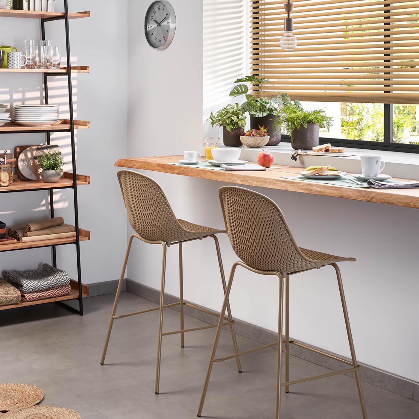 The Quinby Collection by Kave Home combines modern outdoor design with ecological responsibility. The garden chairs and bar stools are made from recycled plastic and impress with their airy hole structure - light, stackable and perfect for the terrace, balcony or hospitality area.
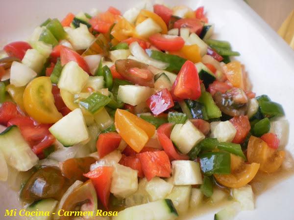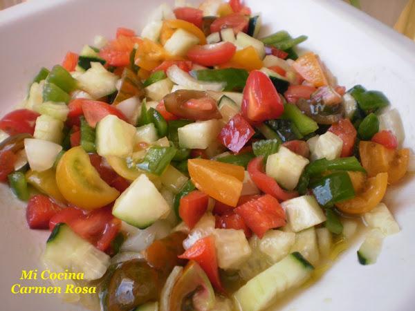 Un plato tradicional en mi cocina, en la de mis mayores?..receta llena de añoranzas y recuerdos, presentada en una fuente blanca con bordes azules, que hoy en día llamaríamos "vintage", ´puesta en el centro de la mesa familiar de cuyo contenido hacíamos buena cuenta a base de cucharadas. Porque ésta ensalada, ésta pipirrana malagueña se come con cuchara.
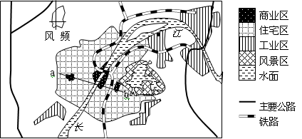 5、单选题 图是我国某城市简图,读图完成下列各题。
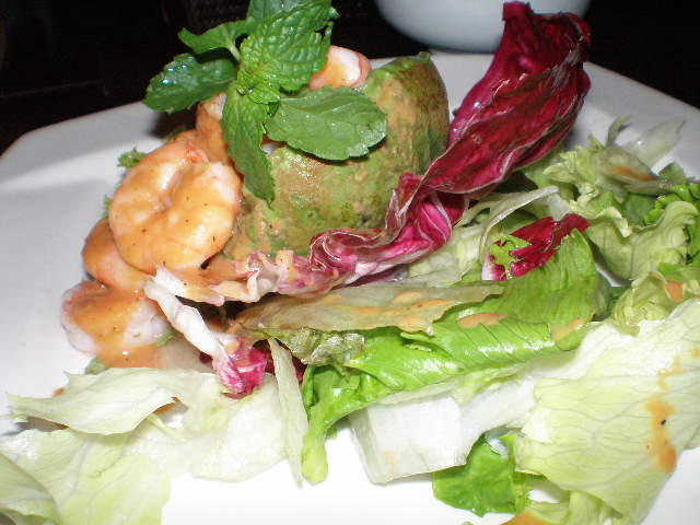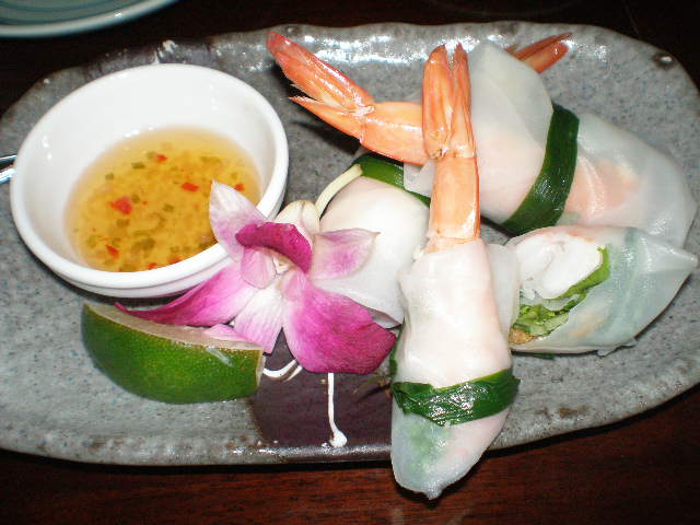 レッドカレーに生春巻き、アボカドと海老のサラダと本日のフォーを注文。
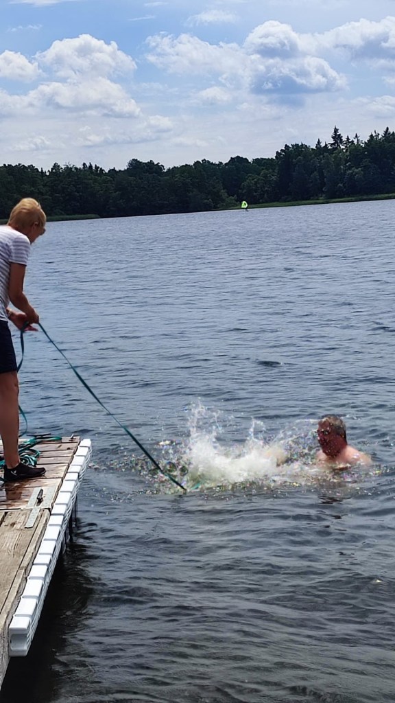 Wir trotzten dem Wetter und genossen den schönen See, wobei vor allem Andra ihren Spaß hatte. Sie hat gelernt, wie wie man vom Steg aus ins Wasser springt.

********

* _What this task involves_
Reproduce each entry precisely; the pictures stay out.

* _Result of the task_
 The Quinby Collection by Kave Home combines modern outdoor design with ecological responsibility. The garden chairs and bar stools are made from recycled plastic and impress with their airy hole structure - light, stackable and perfect for the terrace, balcony or hospitality area.
 Un plato tradicional en mi cocina, en la de mis mayores?..receta llena de añoranzas y recuerdos, presentada en una fuente blanca con bordes azules, que hoy en día llamaríamos "vintage", ´puesta en el centro de la mesa familiar de cuyo contenido hacíamos buena cuenta a base de cucharadas. Porque ésta ensalada, ésta pipirrana malagueña se come con cuchara.
 5、单选题 图是我国某城市简图,读图完成下列各题。
 レッドカレーに生春巻き、アボカドと海老のサラダと本日のフォーを注文。
 Wir trotzten dem Wetter und genossen den schönen See, wobei vor allem Andra ihren Spaß hatte. Sie hat gelernt, wie wie man vom Steg aus ins Wasser springt.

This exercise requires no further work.